A review by caitlinxmartin
The Brutal Telling by Louise Penny

4.0

This is the first book by this author that I've had the pleasure to read, but I suspect that I'll go back & read the others now.

Penny is writing murder mysteries in the British whodunit style, but filtered through a Quebecois sensibility. There is much right in the village of Three Pines, but some things are wrong, as well, & the discovery of a body in Olivier's bistro sheds a light on those things.
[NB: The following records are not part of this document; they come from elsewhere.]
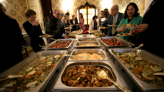 Büyükelçilik Aşçısı Turgay Holat'ın hazırladığı incirli yaprak sarma, zeytinyağlı enginar, balık pilaki, hünkar beğendi ve kabak tatlısı ikram edildi. Türkiye'nin Roma Büyükelçisi Ömer Gücük, konuklara "Asırlık Tariflerle Türk Mutfağı" kitabı hediye etti.
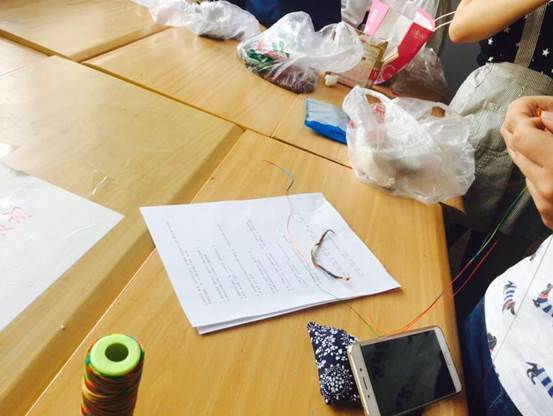 有些同学很厉害,一个人便得到了许多小礼品。游戏环节结束,我们还有一个神秘礼物环节——击鼓传小熊。主持人把小熊丢给观众,观众们传递,会长张鑫喊停。三轮完毕,有三位同学获得了我们的神秘礼品——粽子一串。发完神秘礼品活动结束。观众们还不想离去,跟着汉林毓秀的小理事们体验包粽子编五彩绳,自己手作的还可以自己带走做纪念。今天的端午活动圆满结束!
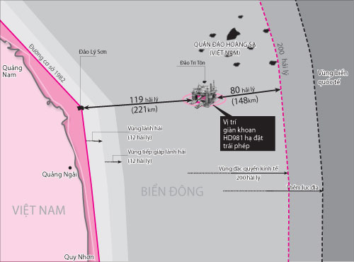Vị trí giàn khoan 981 nằm bên trong đường yêu sách chủ quyền còn được gọi là đường 'lưỡi bò'.
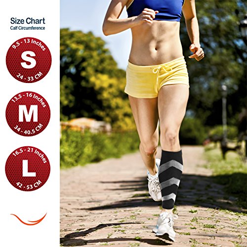 -. Feature : ✮ STABILIZE MUSCLE AND MAXIMIZE YOUR PERFORMANCE - Whether it's for running, cycling, walking, tennis, CrossFit, basketball, baseball, soccer, volleyball, or martial arts, these calf compression sleeves are a great addition to any workout. They also alleviate leg pain for those who stand on their feet all day, such as nurses, cashiers, teachers, frequent travelers, etc. ACT NOW, get the support you need to reach the next level. / ✮ TRUE GRADUATED COMPRESSION STIMULATE FAST RECOVERY, SCIENTIFICALLY PROVEN TO BE EFFECTIVE - Graduated compression dilates your arteries and enhances blood flow 30% - 40%. True Graduated Compression delivers more oxygen to your muscles and reduce the soreness you feel after working out! In another word, it limits swelling & increases blood flow. Graduated compression to Shin & Calf is essential to performance & speedy recovery. Workout harder and recover faster. / ✮ ADD SAFETY TO ANY WORKOUT AND 100% MONEY BACK GUARANTEE- Protects legs from scratches and abrasions during trail running, bicycle through the mountain, or walking through grassy fields. If for any reason, our sleeves do not meet your expectations, let us know and we will give you your money back. Don't Wait! Give these a try, NOW! / ✮ THANKSGIVING, BLACK FRIDAY GIFT, CYBER MONDAY GIFT, CHRISTMAS GIFT, GIFT FOR HIM, GIFT FOR HER, TRUE GRADUATED COMPRESSION REDUCE / PREVENT SHIN SPLINTS, CALF CRAMPS, AND CALF PAIN: Our calf compression sleeves offer true 20-25mmhg compression. Graduated Compression technology not only keeps your muscles warmer during workouts but it also stabilizes lower leg muscles, alleviating shin splints, muscle cramps, and preventing other injuries. They are great for those who travel a lot or are on their feet all day. / ✮ FRONT AND BACK REVERSIBLE (TWO LOOKS IN 1 PAIR), Moisture Wicking and Ventilation Design allows skin to breathe. Front and back reversible creates two styles in 1 pair. Our sleeves are perfect for men and women up to 6'4" in height with calf sizes ranging from 9 inches up to 24 inches.
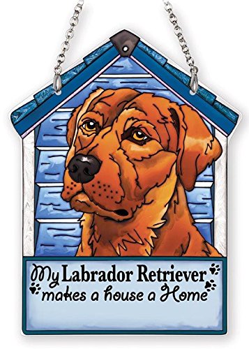 Amia 42104 Hand Painted Glass Brown Labrador Retriever Dog House Suncatcher, 5-1/2 by 7-1/4-Inch

This could easily have been a facile imitation of Agatha Christie or Dorothy Sayers, but Penny's writing elevates it to its place in the genre. Her characters are complex & beautifully drawn. Her writing style is clear & precise, but also poetic & lyrical. She drops plenty of red herrings into the mix, but also manages to fashion an ending that is not neat, not tidy, not necessarily even complete. The story & the story inside the story sit uneasily on the mind & that is as it should be. The imagery is gorgeous, the violence is never gratuitous, & there are real dilemmas for all of her characters buried within the plot that are central to them, but not to the mystery.

Penny plots a carefully crafted mystery within the rules of the genere she is writing in, but goes beyond that to create a novel of real beauty. The mystery of it all is in the whodunit, but also in the lives of her characters. I really loved this book.